### [SUPPLIED DATA]
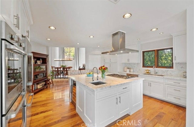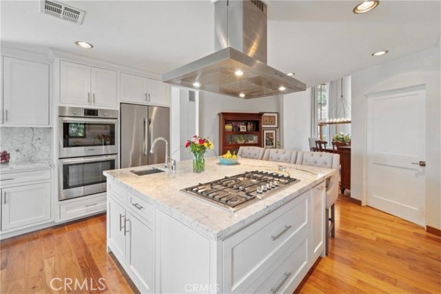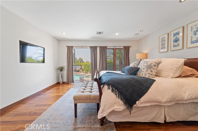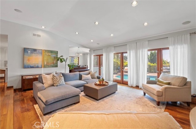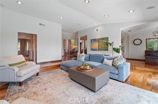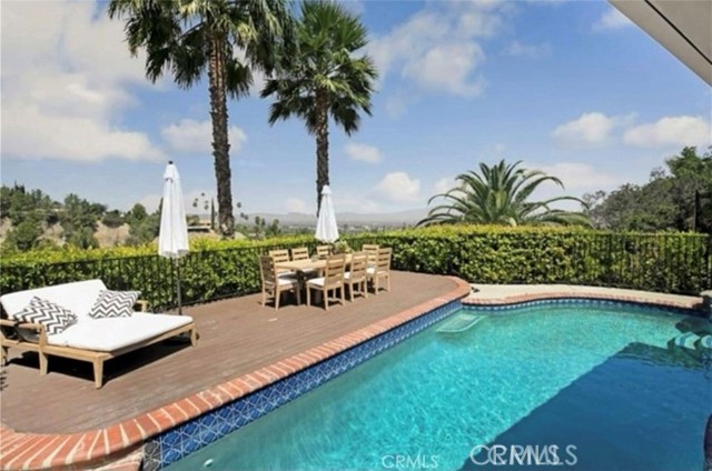 VIEWS,VIEWS, VIEWS, POOL HOUSE Located SOUTH of Ventura Blvd (Cul-de-sac) in one of Encino’s most desirable hillside neighborhoods, this SINGLE STORY modern retreat offers privacy, serenity, and breathtaking city views. Situated on a quiet cul-de-sac, the property is centrally located yet feels worlds away. Behind the gates, you’ll find a turn-key residence with high ceilings, abundant natural light, and seamless indoor-outdoor flow. The beautifully remodeled kitchen features a large center island, custom cabinetry, premium appliances, and a breakfast nook overlooking the backyard oasis. The formal dining room boasts soaring cathedral ceilings, perfect for hosting gatherings. The spacious primary suite opens to lush views of the pool and hills, complete with a walk-in closet and spa-like bath. Additional bedrooms are well-appointed and filled with light. A huge bonus space offers endless potential ideal for a home office, media room, or easily convertible into an ADU or additional 4th bedroom. Step outside to your private paradise: a sparkling pool, multiple lounging areas, and a tranquil backdrop of city lights. Perfect for entertaining or unwinding, this home blends comfort, style, and location in one exceptional package. A rare opportunity to own a gated, view-filled, modern home in the Encino Hills ready to move in and enjoy. Within Minutes to 101, Award winning Schools and Fine Dining
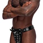 | Omschrijving Beslist | Fetish Eros – Black – S/M – From the Fetish collection by Male Power, this style includes: A gladiator inspired kilt design featuring an attached thong with a cutout peephole, triangle flaps and decorative metal studs. |
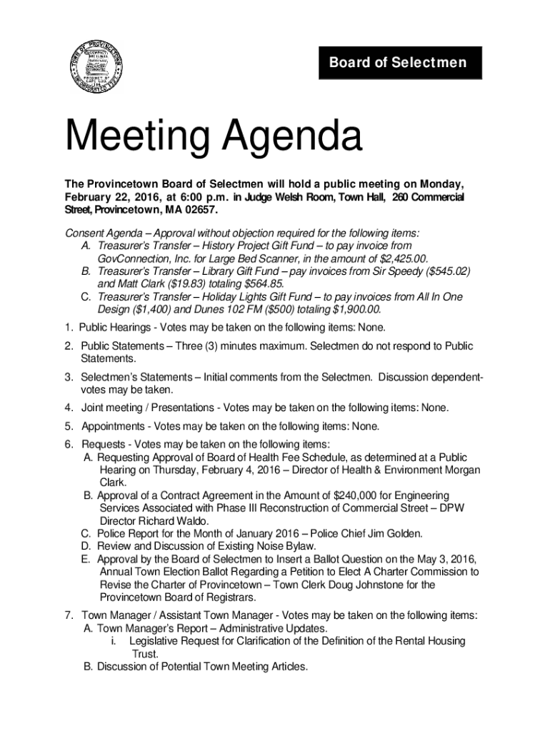 Board of SelectmenMeeting Agenda The Provincetown Board of Selectmen will hold a public meeting on Monday, February 22, 2016, at 6:00 p.m. in Judge Welsh Room, Town Hall, 260 Commercial Street, Provincetown,
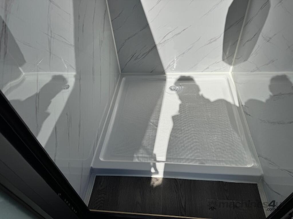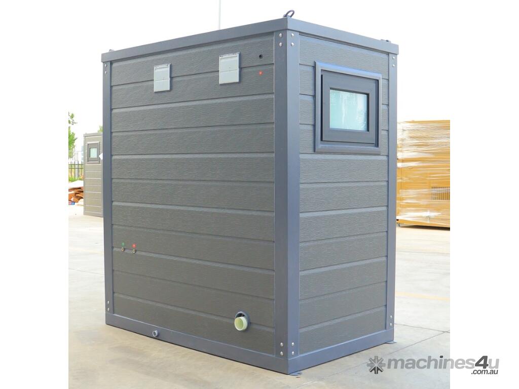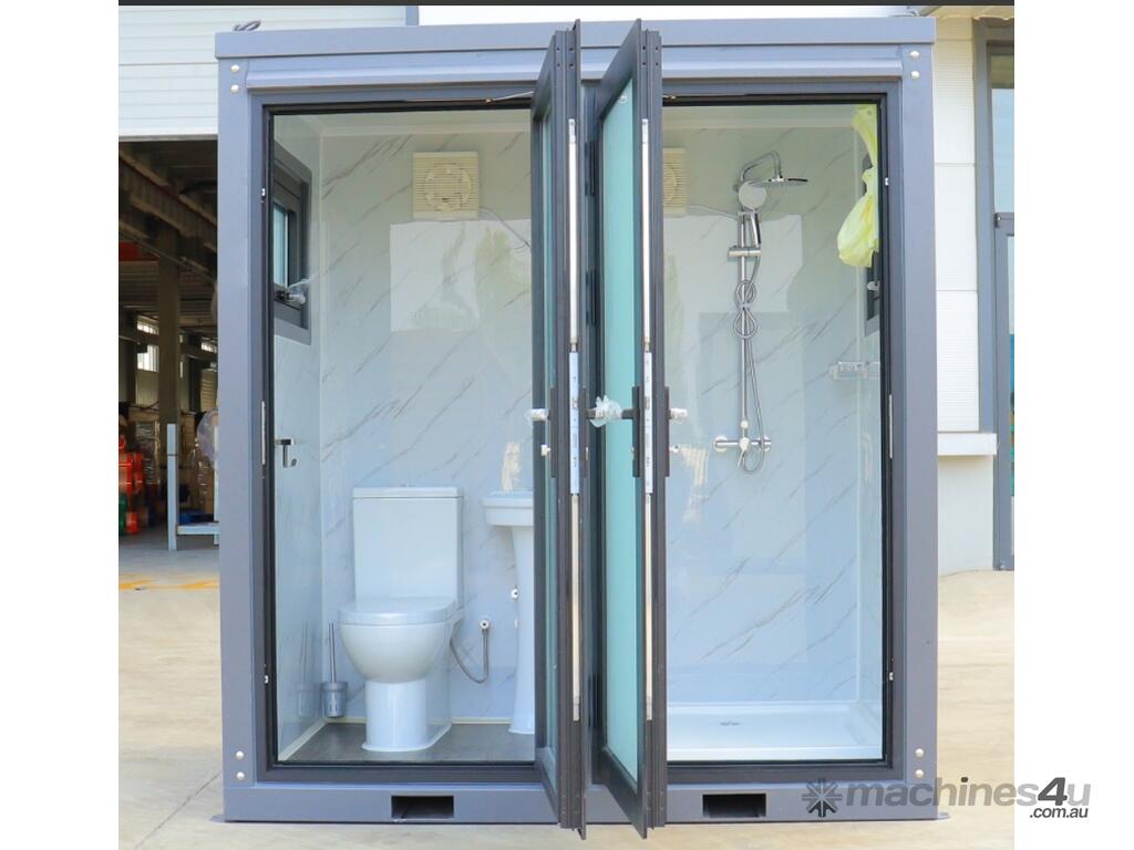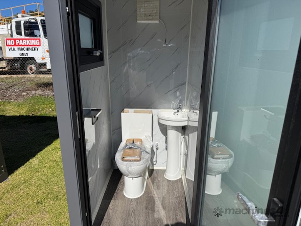Toilet Male Female Twin Frosted Glass Grey Cladding New. 2.2 x 1.3 x 2.4 high. 2x toilets. 2x hand basins. Frost glass. Ali doors. Fork lift pockets and crane lifting. No electrics fitted.

### [ACTIVITY]
Pictures excluded, quote all the data above exactly.

### [EXERCISE ANSWER]
 VIEWS,VIEWS, VIEWS, POOL HOUSE Located SOUTH of Ventura Blvd (Cul-de-sac) in one of Encino’s most desirable hillside neighborhoods, this SINGLE STORY modern retreat offers privacy, serenity, and breathtaking city views. Situated on a quiet cul-de-sac, the property is centrally located yet feels worlds away. Behind the gates, you’ll find a turn-key residence with high ceilings, abundant natural light, and seamless indoor-outdoor flow. The beautifully remodeled kitchen features a large center island, custom cabinetry, premium appliances, and a breakfast nook overlooking the backyard oasis. The formal dining room boasts soaring cathedral ceilings, perfect for hosting gatherings. The spacious primary suite opens to lush views of the pool and hills, complete with a walk-in closet and spa-like bath. Additional bedrooms are well-appointed and filled with light. A huge bonus space offers endless potential ideal for a home office, media room, or easily convertible into an ADU or additional 4th bedroom. Step outside to your private paradise: a sparkling pool, multiple lounging areas, and a tranquil backdrop of city lights. Perfect for entertaining or unwinding, this home blends comfort, style, and location in one exceptional package. A rare opportunity to own a gated, view-filled, modern home in the Encino Hills ready to move in and enjoy. Within Minutes to 101, Award winning Schools and Fine Dining
 | Omschrijving Beslist | Fetish Eros – Black – S/M – From the Fetish collection by Male Power, this style includes: A gladiator inspired kilt design featuring an attached thong with a cutout peephole, triangle flaps and decorative metal studs. |
 Board of SelectmenMeeting Agenda The Provincetown Board of Selectmen will hold a public meeting on Monday, February 22, 2016, at 6:00 p.m. in Judge Welsh Room, Town Hall, 260 Commercial Street, Provincetown,
Toilet Male Female Twin Frosted Glass Grey Cladding New. 2.2 x 1.3 x 2.4 high. 2x toilets. 2x hand basins. Frost glass. Ali doors. Fork lift pockets and crane lifting. No electrics fitted.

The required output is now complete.